Friday, October 5, 2012

Reviewing the Situation



I'm reviewing the situation
Can a fellow be a villian teacher all his life?
All the trials and tribulations!
Better settle down and get myself a wife PhD.





Today in my class, the one that I am a TA for, I gave a “review” for the midterm exam next week.  I put review in quotes because my students expected me to go through the exam and give them the answers.  My version of a review involved explaining to them general things to look at to study and make sure they knew that if it was assigned to them to read then they needed to read it. 


After doing my version of a review, I had a student ask me if I could give them a “real” review.  This student wanted me to go through all the material already covered this semester.  I explained to the student that it had taken half a semester for Dr. Coley and I to go through all the material so far so I really wasn’t sure how I was expected to cover it in 50 minutes.

I know that the students mentality of what a review should be comes from their experiences in high school.  The students in my class told me as much today in class. I reminded them that college isn’t high school and welcome to a new way of learning. Now, I don’t blame high school teachers for their review techniques.  I have family and friends who teach in public schools and frankly they are amazing people to put up with the crap they get from students and the administration.  Teaching high school is like fighting a war in the trenches.  As soon as you stick your head up to check the all clear you get lobbed with another missile. Thoroughly reviewing students before an exam helps the students and helps the teachers.  Less failures means less flack from the administration.

Luckily or unluckily depending  on your perspective university professors are not pressured by administration to ensure passing grades from their students. Which, when you think about it is a ridiculous notion.  All a teacher of any kind can do is give out information and hope to sweet baby Jesus that the students will care enough about themselves to retain that information and maybe, just maybe learn it. 

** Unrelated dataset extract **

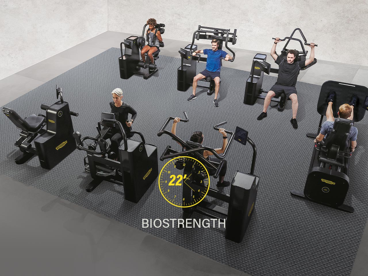 12 тренажёров: 6 Biocardio + 6 Biostrength | Площадь пола: 63,6 кв.м., диаметр: 9 м

The more we blame teachers and coddle students the more harm we do to those students because at a major university there is no coddling.  Freshman enter college and 2 tons of responsibility come crushing down on them. They have to quickly learn how to adapt to a world where professors expect them to do their homework without having to beg and plead. A lot of the time students end up failing a class or two before they finally catch up. The difference here is that the university administration and the professors expect the students to take responsibility for their own education and learning.  Public schools administration and students put that responsibility on the overworked and underpaid teachers.

I speak from a place of experience who as a high school student was at the top of my class and never struggled to pass a class. I honestly barely broke a sweat in high school. Even when my mom was my teacher ( she was the only honors computer science teacher) I took a B in the class because it was easier then taking responsibility for my own education and asking my mom (who I lived with) for help.

(Sorry mom)
My freshman year in college I skipped class, didn’t do a lot of homework and 2 tons of responsibility crashed down on me.  My grades were low and my scholarship was put on probation.  I lost $5000 because I didn’t want to take responsibility for my education.  I figured it out, got my scholarship back and learned that the public school institution that I came out of, which was constructed by an administration that was backed by the state of Texas, did me a disservice.

I don’t blame the teachers, they were simply trying to keep and do their jobs the best way they knew how. Getting my PhD. allows me to help those future freshman cope when that responsibility comes crashing down and it all starts with teaching them that I will not give them the answers to the test.